Taxpayer believes that the main purpose of the transactions at issue is the billing services provided by the vendors. Taxpayer states that the transactions are therefore not subject to Indiana sales or use tax. Taxpayer refers to Galligan v. Indiana Dep't of State Revenue, 825 N.E.2d 467, 482 (Ind. Tax 2005) in which the Indiana Tax Court wrote:
Eberle Enterprises, Inc. constructs concrete curbs. (Trial Tr. at 65-66.) Galligan testified at trial that IP hired Eberle to slip form some curbs on a project. (Trial Tr. at 65-66.) As part of that process, Eberle furnished flumes and plastic. (Trial Tr. at 66.) The flumes were used to carry concrete down into the ditches, and the plastic was used to protect the concrete curbs from rain and freezing. (Trial Tr. at 66.)
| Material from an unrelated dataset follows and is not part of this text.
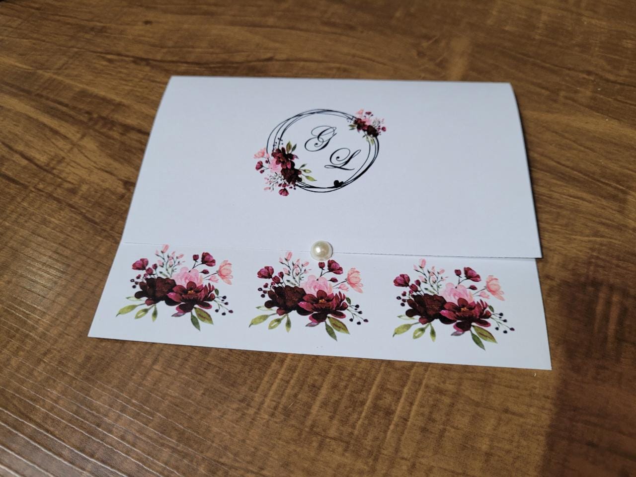 Convites para Casamento tamanho 14x20cm aberto. 12x14cm fechado com Meia Pérola personalizável com os dados do evento.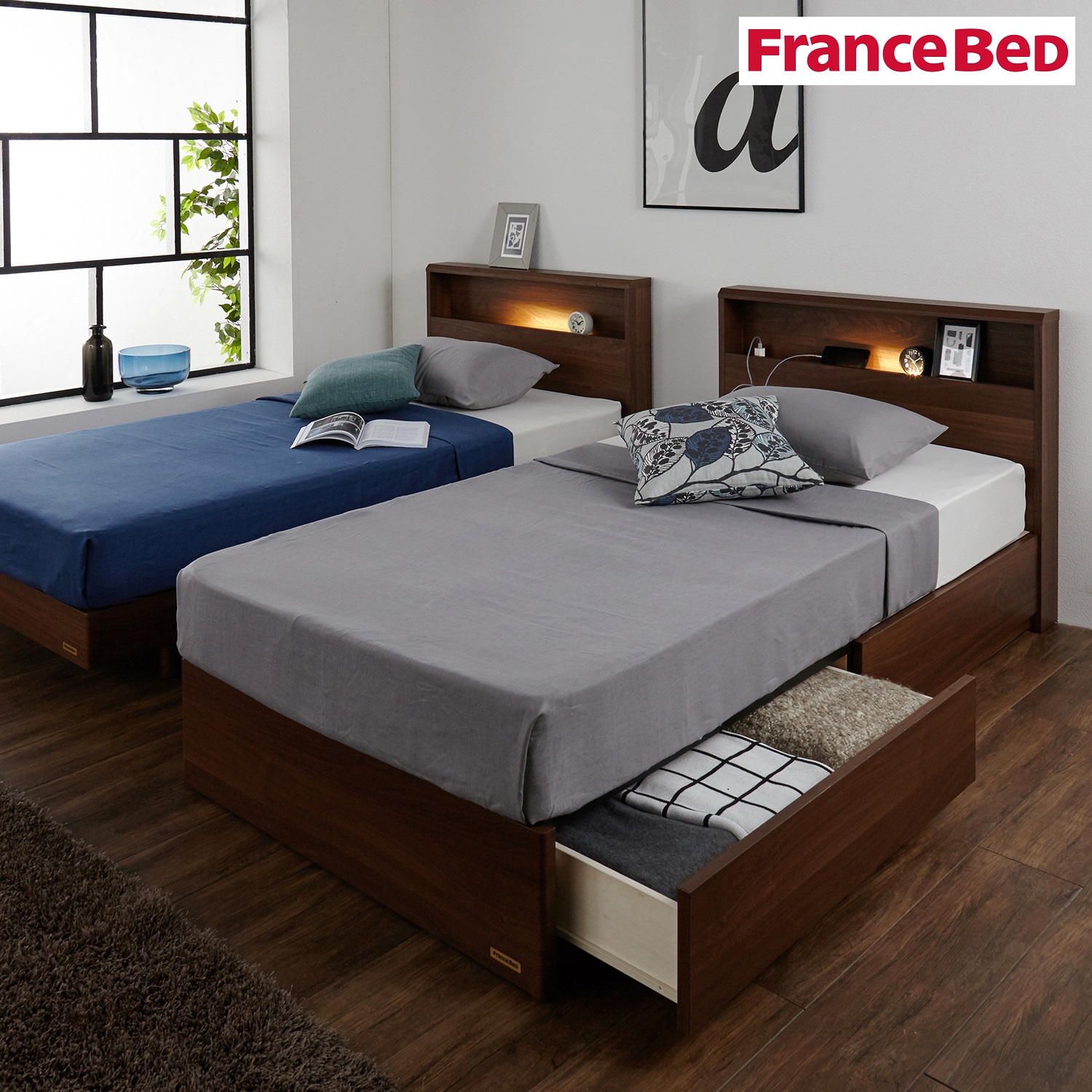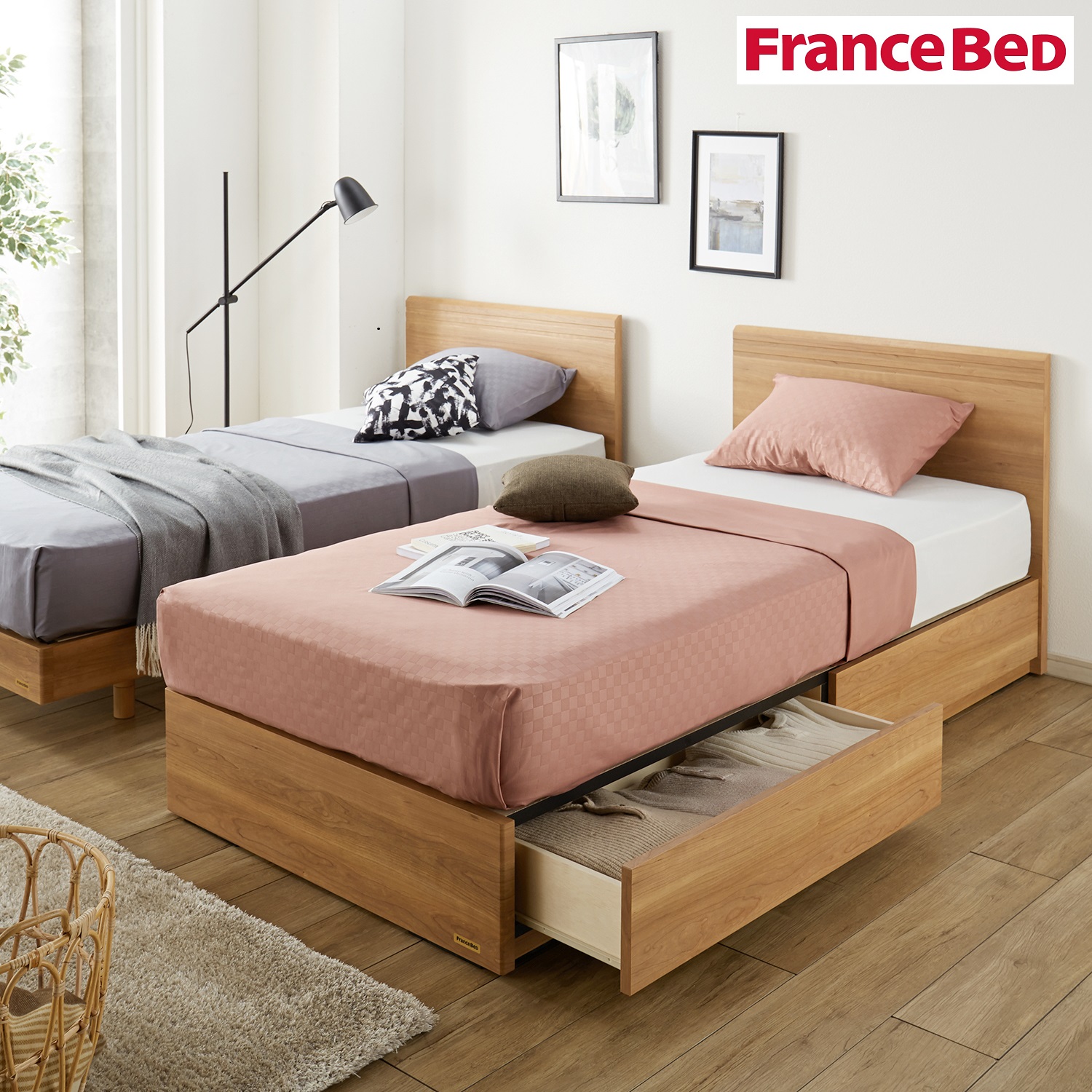 | ) | 【フランスベッド】引出し収納付きシンプルベッド(シングル/セミダブル/ダブル) 木目調のナチュラルなヘッドボードに潔く走るシルバー色のラインが、寝室に落ち着きのあるモダンな雰囲気をプラスするシンプルベッド。フルスライドレール付きでたっぷり収納できる2杯の引出しが便利。また、床下にはラグやスノボなどの長尺ものを収納することもできます。 税込 69,900〜80,900円 |

As stated earlier, when the transfer of property and the rendition of services are concurrent, the Court must look to other factors to determine whether the transaction is inextricable and indivisible, such as the service-provider's records, the overall nature of its business, as well as the nature of the unitary transactions themselves. See Cowden, 575 N.E.2d at 723. Based on the only evidence presented at trial (i.e., Galligan's testimony), this Court finds that the overall nature of Eberle's business was to provide a service, and the use of flumes and plastic in providing that service was incidental. (See Trial Tr. at 66.) Such a finding supports the divisibility of the transactions at issue. Cf. Cowden, 575 N.E.2d at 723. Consequently, the Department's assessment of use tax against these transactions is REVERSED.
Taxpayer believes that its transactions with its vendors are the same as this example from Galligan. Therefore, Taxpayer believes that its transactions are exempt from sales and use taxes.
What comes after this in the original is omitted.